*** Opening of Information provided ***

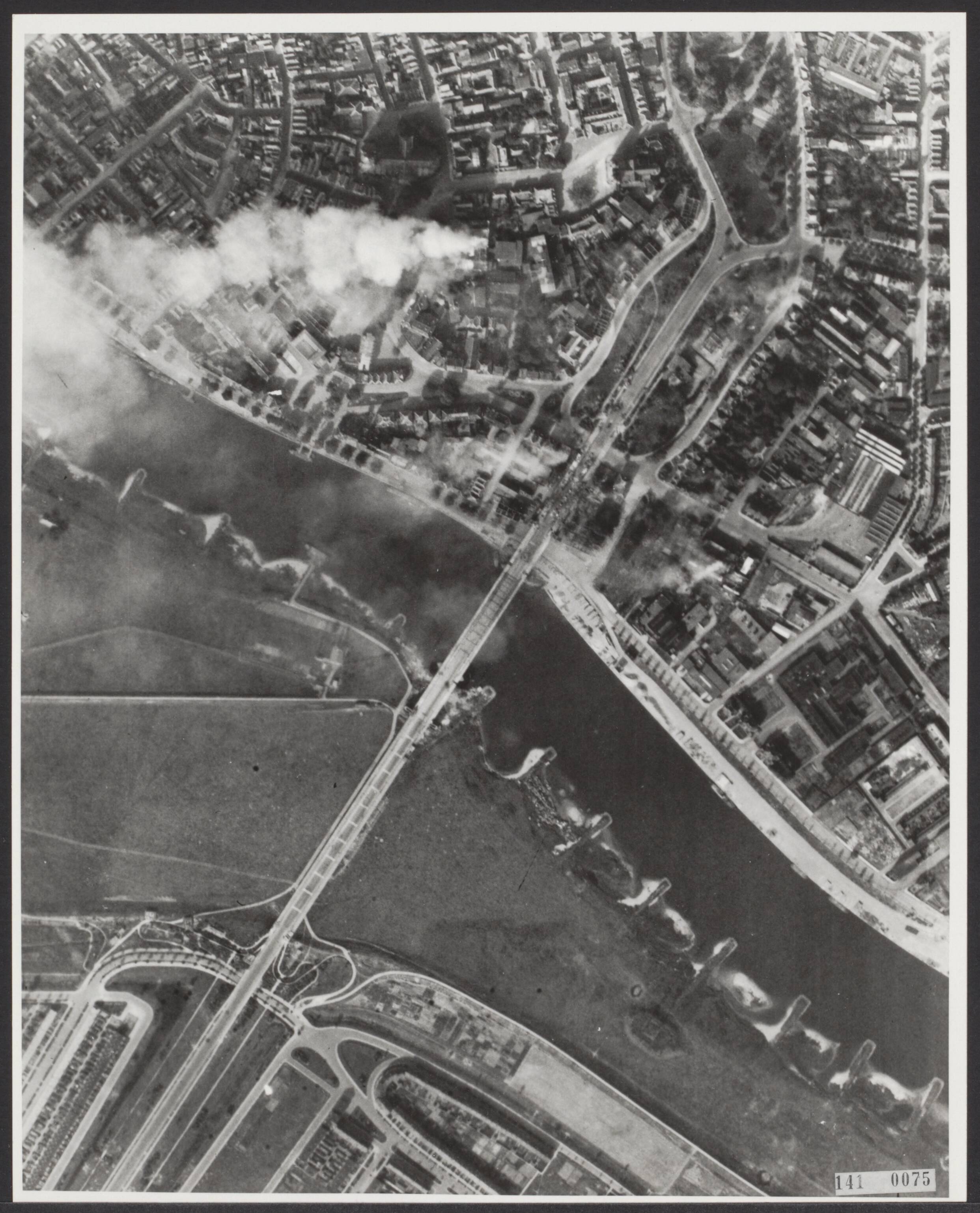 Luchtopname Operatie Market Garden De gevechten op de brug in Arnhem.
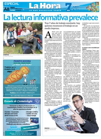 diario para que una nota periodística llegue a nuestros lectores la jornada inicia en la mañana y en ocasiones concluye hasta altas horas de la noche. La responsabilidad de hacer un periodismo independiente e intercultural depende de todo un equipo de trabajo que pone su esfuerzo y dedicación para llevar la información a la gente. La lectura de noticias para muchos representa un espacio de tranquilidad y concentración, así lo explica Jaime Izurieta, taxista. Él destina 15 minutos o más a la lectura de Diario La Hora, aunque existen otros medios informativos de radio y televisión asegura disfrutar mucho de una buena lectura tranquila y analítica. “En un medio impreso se puede subrayar lo más importante, aprender ortografía, sintaxis e inclusive corregir alguna cosita”, explica. Además que en muchos casos es una forma de preservar un recuerdo mediante las fotografías impresas “las fotos, entrevistas en donde se puede constatar lo que alguien ha dicho, la opinión, datos que sirven como ayuda memoria y nuevas tendencias y formas de escribir que ayudan mucho a los estudiantes”, añade. Este lector se considera fiel seguidor de Diario La Hora, y que cuenta con archivos de las noticias relacionadas a temas de transporte principalmente del taxismo. “Quiero felicitar a todo el equipo periodístico de Diario La Hora, por la labor ya que la comunicación permite
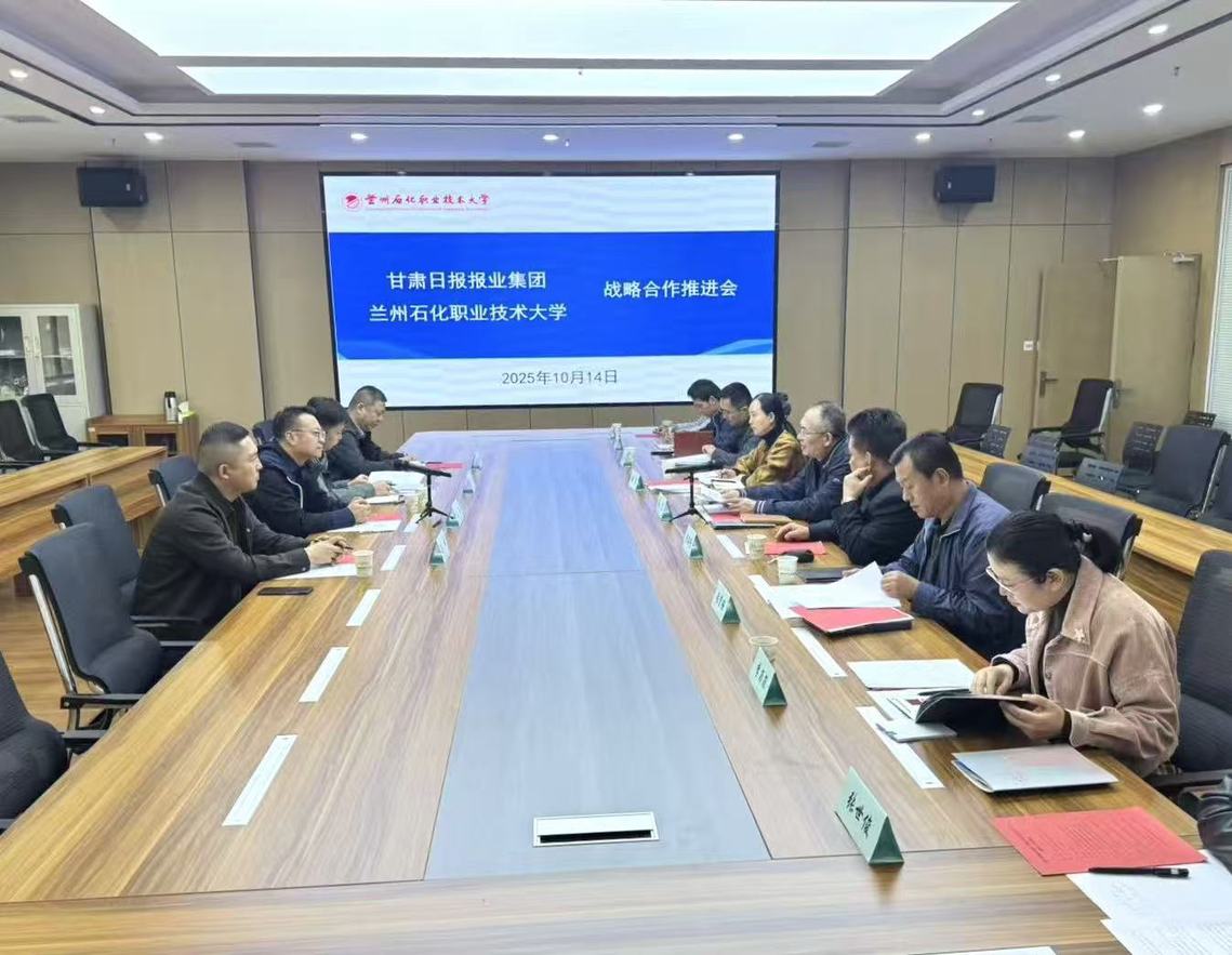 10月14日下午,学校与甘肃日报报业集团在西固东校区第三工业中心9楼会议室召开战略合作推进会。甘肃日报报业集团党委委员、组织部部长王斌,印务分公司总经理兰宁,组织部副部长马峰,印务分公司总工程师王红伟,兰州石化职业技术大学党委常委、副校长张宏,数媒与印刷工程学院班子成员及印刷骨干教师共同参会。会议由数媒与印刷工程学院党总支负责人主持。
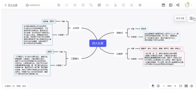 接著我們再根據二級主題發散思維添加分支,編輯更加完善的內容,比如根據二級主題“西游記”,可以再分析作者、內容簡介等等,鼠標點擊頂部工具欄中的“子主題”,點擊主題編輯內容,直至思維導圖內容編輯完成。

*** Close of Information provided ***

[Your task]
Without reproducing any picture, repeat exactly the lines from the one containing "10月14日下午,学校与甘肃" through the last line of the material above, both ends included.

[Answer to this task]
 10月14日下午,学校与甘肃日报报业集团在西固东校区第三工业中心9楼会议室召开战略合作推进会。甘肃日报报业集团党委委员、组织部部长王斌,印务分公司总经理兰宁,组织部副部长马峰,印务分公司总工程师王红伟,兰州石化职业技术大学党委常委、副校长张宏,数媒与印刷工程学院班子成员及印刷骨干教师共同参会。会议由数媒与印刷工程学院党总支负责人主持。
 接著我們再根據二級主題發散思維添加分支,編輯更加完善的內容,比如根據二級主題“西游記”,可以再分析作者、內容簡介等等,鼠標點擊頂部工具欄中的“子主題”,點擊主題編輯內容,直至思維導圖內容編輯完成。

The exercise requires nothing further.